__What is required__. Write out the listing verbatim. No pictures belong in it.

__Data excerpt__.
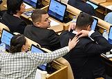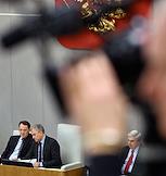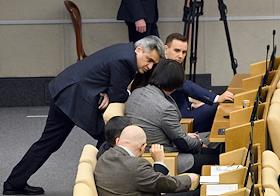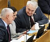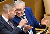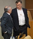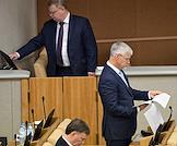 Пленарное заседание Государственной думы (ГД) России. Председатель комитета ГД России по защите конкуренции Валерий Гартунг (справа) во время заседания.
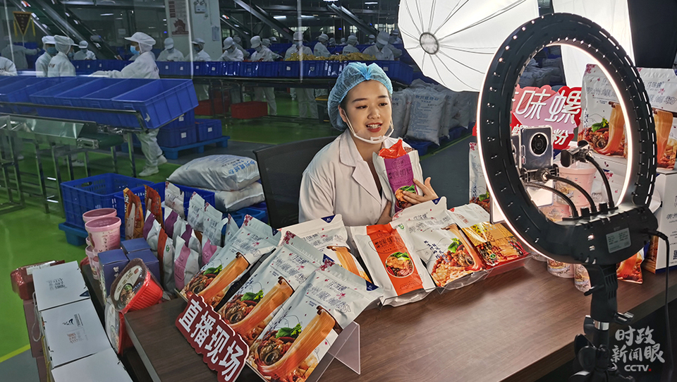 △袋裝螺螄粉直播帶貨現(xiàn)場(總臺央視記者許永松拍攝)
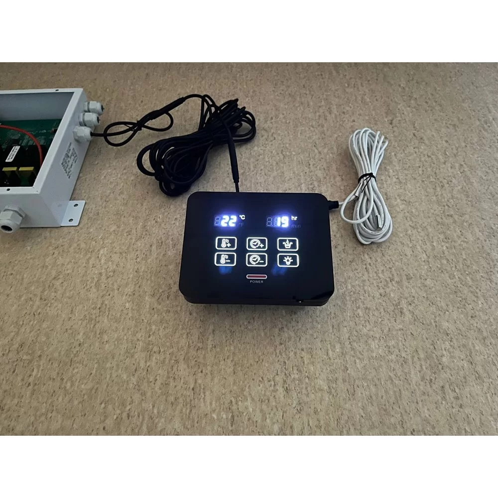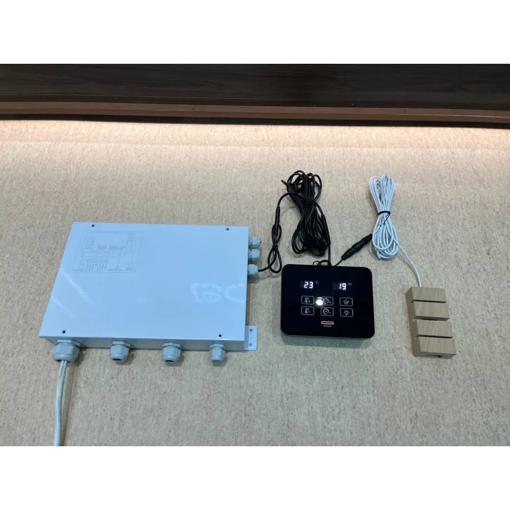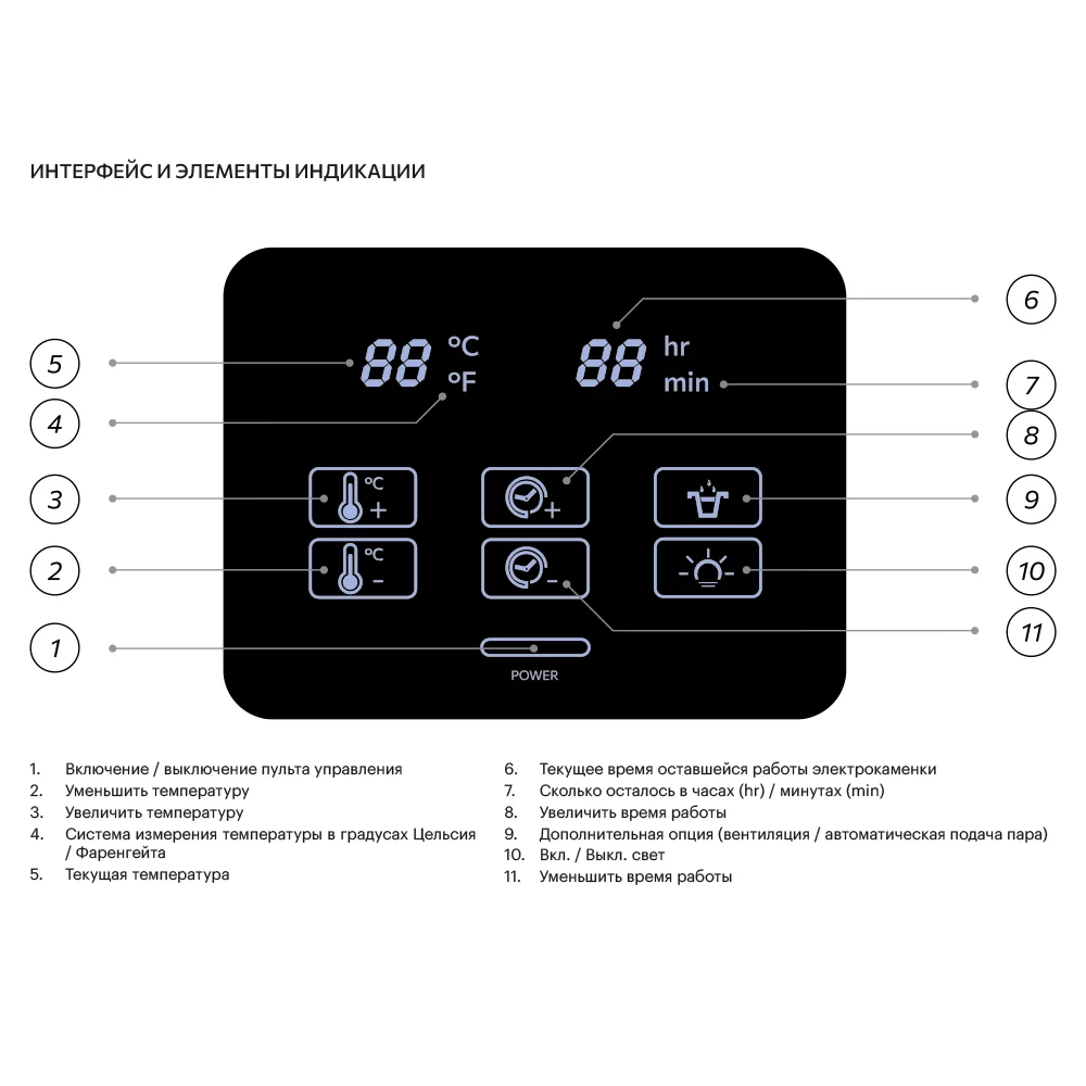 Управляйте каменкой, освещением и скоростью вентиляции в сауне в одно касание. Сенсорное управление, настройка времени работы электрокаменки, отложенный запуск, регуляция температуры в сауне, вкл/выкл света, вентиляции.

__Result of this exercise__.
 Пленарное заседание Государственной думы (ГД) России. Председатель комитета ГД России по защите конкуренции Валерий Гартунг (справа) во время заседания.
 △袋裝螺螄粉直播帶貨現(xiàn)場(總臺央視記者許永松拍攝)
 Управляйте каменкой, освещением и скоростью вентиляции в сауне в одно касание. Сенсорное управление, настройка времени работы электрокаменки, отложенный запуск, регуляция температуры в сауне, вкл/выкл света, вентиляции.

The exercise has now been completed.